I’d always heard in my head,” Giordano says. “I would be surprised if they didn’t remain a part of our band from here on out.”

But Skin Show is no retread of a recent victory, either. Giordano describes the album as more of a sequel than a second season—one that pares their previously labyrinthine song structures into tight, hooky horror stories, accentuated by a clear, deep production job courtesy of Sanford Parker, who gave Skin Show the same focus he did Nachtmystium.

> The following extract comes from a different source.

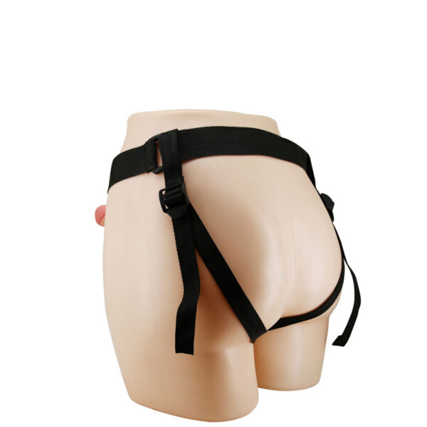 Cinta peniana com pênis oco, possui estimulador clitoriano formato coelho, glande e veias salientes.

“I said jokingly that I wanted it to sound like an arena rock record,” Giordano says, “but there is also some truth to that. These songs are intentionally bigger and have more meat on their bones. We’ve made songs in the past that were a chaotic and complicated mess, and it was fun, but there are bands that do it much better, and we’ve already made those. Our intent with Skin Show was to make something larger and more direct. Hooks and memorable melodies are not always bad things. Sometimes it’s OK for a song to just be a goddamn song.”

Then again, maybe Skin Show is more of a prequel than a sequel. Lyrically and in terms of synthesizer choices, the album turns the clock back from the ’80s and looks to the sleazy pornographic heyday of ’70s Times Square for influence— a setting Giordano chose specifically for the challenge it presented.

“As a man, it’s easy to write about death and destruction,” he explains, “but it’s difficult and even a bit risky to write about the darker sides of something like sexuality. Especially in an era where exploitation and abuse are rampant like they are. But I can say with 100 percent confidence that if you think these lyrics are fucked up, it’s because you are fucked up. I sleep just fine at night, and I’m the weirdo who wrote this shit.”